━━━━━ DATASET RECORDS

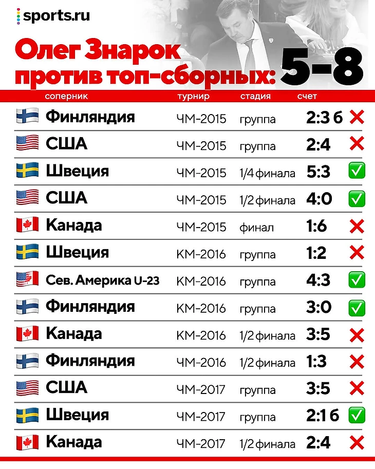 Мы собрали статистику Олега Знарка на турнирах сборных: крайне придирчиво отобрали составы соперников – поэтому в списке нет ОИ-2018 и ЧМ-2014, поэтому выборку можно считать честной.
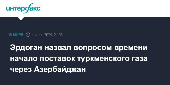 Москва. 4 июня. INTERFAX.RU - Президент Турции Реджеп Тайип Эрдоган считает начало поставок туркменского газа в Турцию и Европу через территорию Азербайджана вопросом времени.
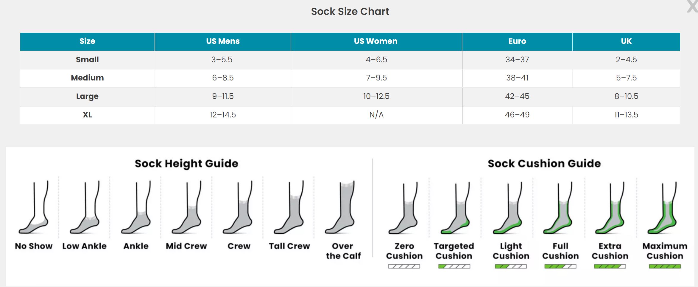Все носки имеют буферные колодки для повышения защиты и тепла.
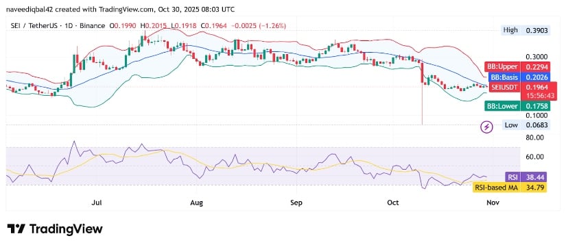 TradingView数据显示,SEI/USDT现报0.197美元,日内微跌0.96%。日线图显示代币在布林带下轨附近盘整,表明长期跌势后波动性降低。布林基线(20日均线)0.2026美元构成近期突破阻力位,而下轨支撑0.1758美元与分析师认定的宏观结构底部吻合。
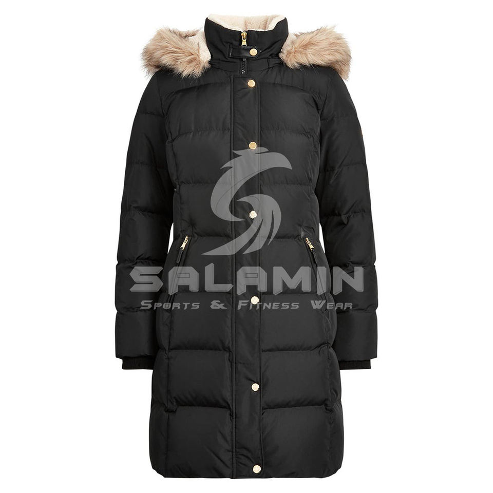 Nouvelle veste matelassée longue tendance pour femmes, durable, sur mesure, de haute qualité, à capuche en fourrure, imperméable et respirante
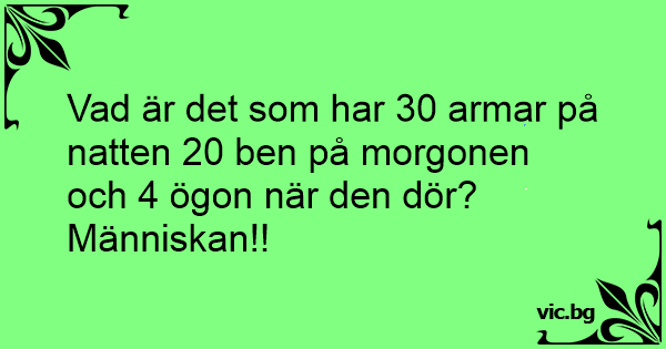 Vad är det som har 30 armar på natten 20 ben på morgonen och 4 ögon när den dör?

━━━━━━━━━━

EXERCISE:
Give the listing again exactly, but omit each image.

ANSWER SECTION:
 Мы собрали статистику Олега Знарка на турнирах сборных: крайне придирчиво отобрали составы соперников – поэтому в списке нет ОИ-2018 и ЧМ-2014, поэтому выборку можно считать честной.
 Москва. 4 июня. INTERFAX.RU - Президент Турции Реджеп Тайип Эрдоган считает начало поставок туркменского газа в Турцию и Европу через территорию Азербайджана вопросом времени.
Все носки имеют буферные колодки для повышения защиты и тепла.
 TradingView数据显示,SEI/USDT现报0.197美元,日内微跌0.96%。日线图显示代币在布林带下轨附近盘整,表明长期跌势后波动性降低。布林基线(20日均线)0.2026美元构成近期突破阻力位,而下轨支撑0.1758美元与分析师认定的宏观结构底部吻合。
 Nouvelle veste matelassée longue tendance pour femmes, durable, sur mesure, de haute qualité, à capuche en fourrure, imperméable et respirante
 Vad är det som har 30 armar på natten 20 ben på morgonen och 4 ögon när den dör?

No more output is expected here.